- Abbreviation: PUF
- Chairman: Gurnam Singh
- Founder: Gurnam Singh
- Founded: 4 March 1967
- Dissolved: 25 November 1967
- Seats in Punjab Legislative Assembly (in 1967): 53 / 104

= People's United Front (Punjab) =

People's United Front was a Post Poll Alliance of 7 Political parties and Independents formed in a Convention at Khanna on 4 March 1967, in Punjab after the election of 1967.

==Background==
In 1962 Shiromani Akali Dal was divided into Akali Dal - Sant Fateh Singh and Akali Dal - Tara Singh. In 1967, the 4th General election was held in Punjab and no Party got Majority in the newly elected house. Indian National Congress was single largest party with 48 seats. On 4 March 1967, Gurnam Singh was elected as its leader and he called on Governor of Punjab and pressed his claim to form Government and on 8 March 1967, United Front formed its Government in Punjab

==Members==
The members who joined the Front were as follow:

| S. No. | Party |  | Legislators |
|---|---|---|---|
| 1 |  | Akali Dal - Sant Fateh Singh Group | 24 |
| 2 |  | Bharatiya Jana Sangh | 9 |
| 3 |  | Communist Party of India | 5 |
| 4 |  | Communist Party of India (Marxist) | 3 |
| 5 |  | Republican Party of India | 3 |
| 6 |  | Akali Dal - Master Tara Singh Group | 2 |
| 7 |  | Socialist Party | 1 |
| 8 |  | Independent | 6 |
| Total |  |  | 53 |

==Common Minimum Programme==
The People's United Front was formed on the basis of 11-Points CMP and these were:
- 1 - To provide clean and good administration,
- 2 - To make Punjab strong and prosperous,
- 3 - To exempt land revenue for holding up to five acres,
- 4 - To rehabilitate and develop industry and trade,
- 5 - To raise food production by providing incentives to peasants,
- 6 - To provide tax relief to people in urban areas,
- 7 - To ameliorate the lot of Schedule Caste and Backward Classes and distribute surplus cultivable land to the landless,
- 8 - To increase the emoluments and improve living conditions of Government employees,
- 9 - To appoint tribunal to investigate all charges of corruption and nepotism in high places,
- 10 - To fix sales tax at source and to lessen the hardship experienced by the trading community at the hands of the 'inspector raj' and
- 11 - To guarantee adequate wages and dearness allowance and improve the working conditions of the workers.

==Upheavals==
On 5 April 1967 the United front government suffered defeat in the state vidhan sabha when the amendment to the motion of thanks to the Governor moved by the leader of the Congress opposition was adopted. The amendment sought to regret the omission in the Governor's address of the assurance to the use of Punjabi language up to the secretariat level. Amendment was carried out by 53 votes to 49 in a 104-member house, including the speaker. It was than expected that either the United Front would quit office or seek vote of confidence in the house.

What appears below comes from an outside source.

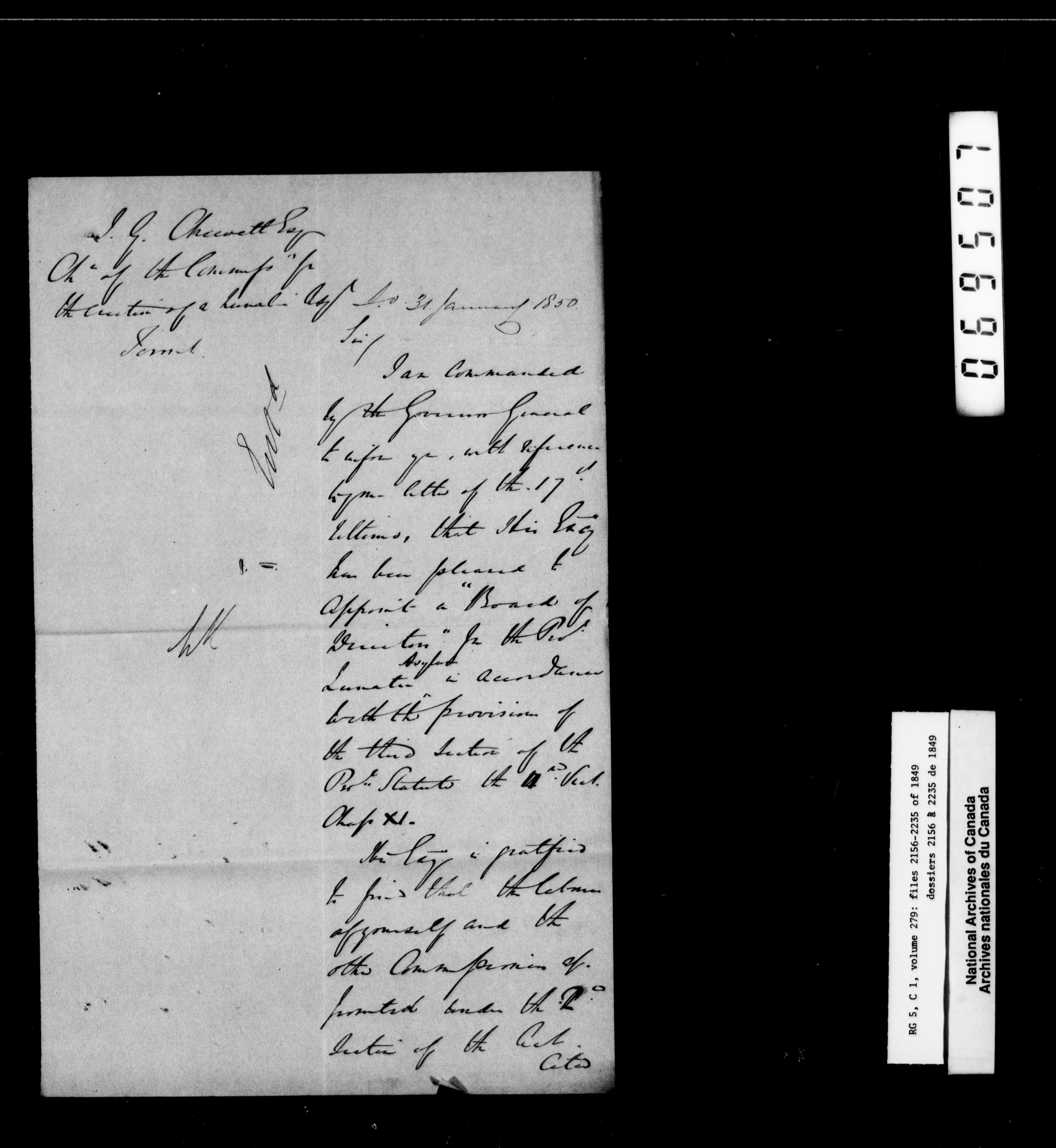 Canada West : Provincial Secretary, numbered correspondence files, 1844 to 1867 - 2398

The opposition made and uproarious demand for the resignation of the United front ministry, failing which, the dismissal of the ministry. Gurnam Singh vigorously contended that the acceptance of the opposition amendment did not amount to rejection of any of the policies of the government. He held the view that the government was more genuinely interested in the adoption of Punjabi more than the Congress Party.

==No-confidence motion==
On 25 May 1967 and No-confidence motion against the United front Minister was admitted. Lachhman Singh Gill charged the Congress and state vidhan sabha with using 'corrupt methods' to manoeuvre defections and alleged that that Congress had spent rupees one lakh in just 8 days to purchase members. On the next day the United front government won over the confidence of the house by securing 57 votes in favour and 46 against and the house was adjourned sine die. On the same day, Harcharan Singh Hudiara announced the formation of Akali Dal. This became the third Akali Dal in the state, the other two having been led by Sant Fateh Singh and master Tara Singh. The formation of the third Akali Dal and the eclipse of Sant Fateh Singh by the Rebel leader Harcharan Singh Hundiara, was reminiscent of the Sant's own ouster to Tara Singh.

==Fall of Government==
On 22 November 1967 before the Punjab Legislative Assembly met for its winter session Lachhman Singh Gill revolted and defected along with 16 legislators from the United Front and formed new party named Punjab Janta Party. On the same day, Sant Fateh Singh, the president of the Akali Dal rushed to Chandigarh in a bid to bring about a rapprochement between Gurnam Singh and Lachhman Singh but did not succeed in his efforts. Ultimately, on the same day Gurnam Singh tendered the resignation of his ministry. Governor accepted the resignation but asked the Gurnam Singh to continue in office till an alternative arrangement was made. After 3 days, Lachhman Singh Gill formed new Government. After this, Alliance ceased to work.